With the development of printing, the need of methods of multiplying illustrations for printed books soon made itself felt and was finely responded to by the genius of the century. Wood-engraving in the service of book-illustration came in very early in the history of printing and was, after all, only a development of the wooden blocks, out of which the first idea of movable types had originally sprung. It was very crude at the beginning, and yet often with an artistic expression that gives it great interest. Its possibilities for printing in company with movable types soon began to be realized, and as printed books became more beautiful and type faces more artistic, the necessity for supplying artistic illustrations was felt, and then it was not long before the need was supplied. Probably the [{159}] first wood-engraving designed for book-illustration which exhibits a marked artistic quality was "The Dream of Poliphilo," in which, as Woodberry says in his "History of Wood-Engraving," "Italian wood-engraving, quickened by the spirit of the Renaissance, displayed its most beautiful creation." It was written by a Venetian monk, Francesco Colombo, in 1467, and was first printed by Aldus in 1499. The subject was a worthy one, for though the book is a strange mingling of Greek, Latin, Hebrew and Arabic traditions and poetic symbolism, it typifies the spirit of the Renaissance. It represents the search of youth for the loveliness of universal nature and the perfection of ancient art under the title of Polia, the charming maiden who combines all the qualities. Altogether there are 192 designs. They have been attributed to many illustrious masters, even John Bellini and Raphael, among others, but were probably due to Benedetto Montagna.

How soon illustration came to aid in the understanding of the text in books is very well illustrated by Fra Giocondo's work.

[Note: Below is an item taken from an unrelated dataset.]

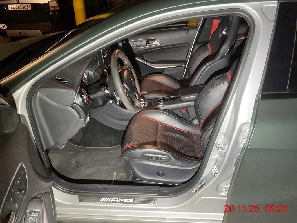Multifunktionsanzeige, Crash-Sensor, Elektronisches Stabilitäts-Programm (ESP), Höhenverstellbare Gurten vorne, AMG Sport-Abgasanlage mit zwei verchromten Endrohrblenden, Dekor:designo Sicherheitsgurte, farbig, AMG Kühlergrill, Reifendruckverlust-Warnsystem, Sitze:Gurtstraffer vorne, Assist: ATTENTION ASSIST (Aufmerksamkeitsassistent), Antriebsschlupfregelung (ASR), Allradantrieb permanent, Bremsassistent (BAS), Reifenreparatur-Set (Tire Fit), Frontscheibe Verbundglas, Katalysator geregelt, Kindersicherung an den hinteren Türen, Befestigungsösen im Laderaum, Lackierung: Uni-Lackierung, Dekor: Zierelemente Carbonoptik, 12-Volt-Steckdose hinten, Bremsscheiben vorne gelocht, Wegfahrsperre elektronisch, Dekor: Bordkantenzierstab in Chrom, Dekor: Dachhimmel schwarz, Elektrische Fensterheber vorne + hinten, Licht: LED Blinker im Aussenspiegel, Nichtraucherausführung, Heckscheibenheizung, Antiblockiersystem (ABS), Licht:Adaptives Bremslicht, Controller auf Mittelkonsole, Wartungsintervall-Anzeige, 7-Stufen-Automat AMG SPEEDSHIFT DCT, Bi-Xenon-Scheinwerfer inkl. Reinigungsanlage, Fahrwerk:AMG Sport-Parameterlenkung, Make up-Spiegel rechts, Heckscheibenwischer, Drittes Bremslicht LED, Fahrwerk:AMG Hochleistungs-Bremsanlage, AMG Kombiinstrument, Paket: AMG Styling-Paket, Assist:COLLISION PREVENTION ASSIST (Kollisionswarnung), Reiserechner, Airbag: Window-Kopfairbags, Türgriffe aussen in Wagenfarbe, Audio 20 Radio CD/MP3 mit Farbdisplay, Bluetooth-Schnittstelle mit Freisprech- funktion, Aux-in-Anschluss und Telefon- tastatur, Polster:Polsterung Ledernachbildung ARTICO / Microfaser DINAMICA, Fahrwerk:AMG Sportfahrwerk, Zentralverriegelung mit Fernbedienung und automatischer Türverriegelung, Scheibenwischer vorne mit Intervall, AMG DRIVE UNIT, Interieur mit roten Kontrastziernähten, Klimaanlage manuell, mit Pollenfilter, Sportpedalanlage, Make up-Spiegel links, Armauflage vorne, verschiebbar, Assist: Tempomat mit variabler Geschwindigkeitsbegrenzung SPEEDTRONIC, Aussenspiegel in Wagenfarbe, Aussentemperaturanzeige, Kontrollanzeige für Lampenausfall, AMG Leichtmetallräder 5-Doppelspeichen- Design 18J, Ablagen in den Türen, Bremsbelagverschleiss, AMG Veloursfussmatten, Stossstangen in Wagenfarbe, Licht: Nebelschlussleuchte, Lenkrad:Multifunktions-Sportlenkrad in Leder,unten abgeflacht, AMG Einstiegleisten, Beleuchtetes Handschuhfach, Sitze: 3-Punkt-Sicherheitsgurte auf allen Plätzen, Dekor:Türmittelfelder in Mikrofaser DINAMICA, Airbag: Knie-Airbag für Fahrer, Geräusch- und Wärmeschutzverglasung, Airbag: Airbag Fahrer und Beifahrer, Airbag: Seitenairbag für Fahrer und Beifahrer, Steckdose 12-Volt- vorne, Lenkrad längs- und höhenverstellbar, USB-Anschluss, Tagfahrlicht, Licht: Fahrlichtassistent (automatisches Fahrlicht), Fahrersitz höhenverstellbar, Sitze:Sitzkomfort-Paket, Assist:ADAPTIVE BRAKE mit HOLD-Funktion und Berganfahrhilfe, Sitze: Rücksitzlehne geteilt abklappbar, Crashaktive Notbeleuchtung, Gurtkontrolle
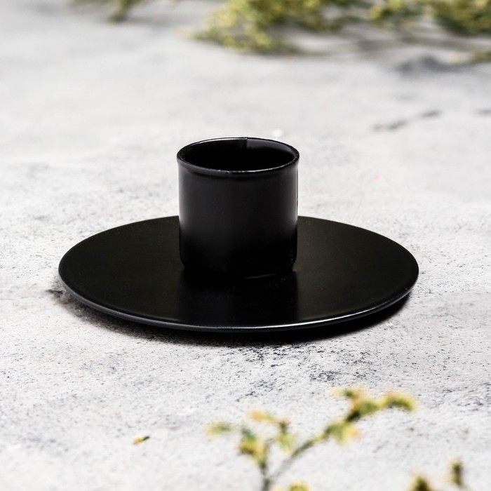 Подсвечник "Круг" металл на 1 свечу, 7х3 см, черный муар

When, in 1508, he published the letters of the younger Pliny in the Aldine edition, he not only described but illustrated the villas of the ancients. In 1511 he edited the Aldine edition of Vitruvius, with its rude woodcuts that are yet much more thoroughly illustrative than many a more ambitious modern book and which include the first modern plan of a Roman house. When he issued his Aldine edition of Caesar in 1513 this was illustrated with the earliest of all modern drawings of Caesar's bridge across the Rhine. Fra Giocondo is in fact the true father of the illustrated classic, as Sandys suggested in his Harvard Lectures on the "Revival of Learning" (Cambridge University Press, 1905). It may be well to add that the good friar was no mere student for erudition's sake, since, as is noted in the chapter on architecture, he entered the royal service in France, and in 1497 designed one at least, if not two, of the noble bridges that still span the Seine.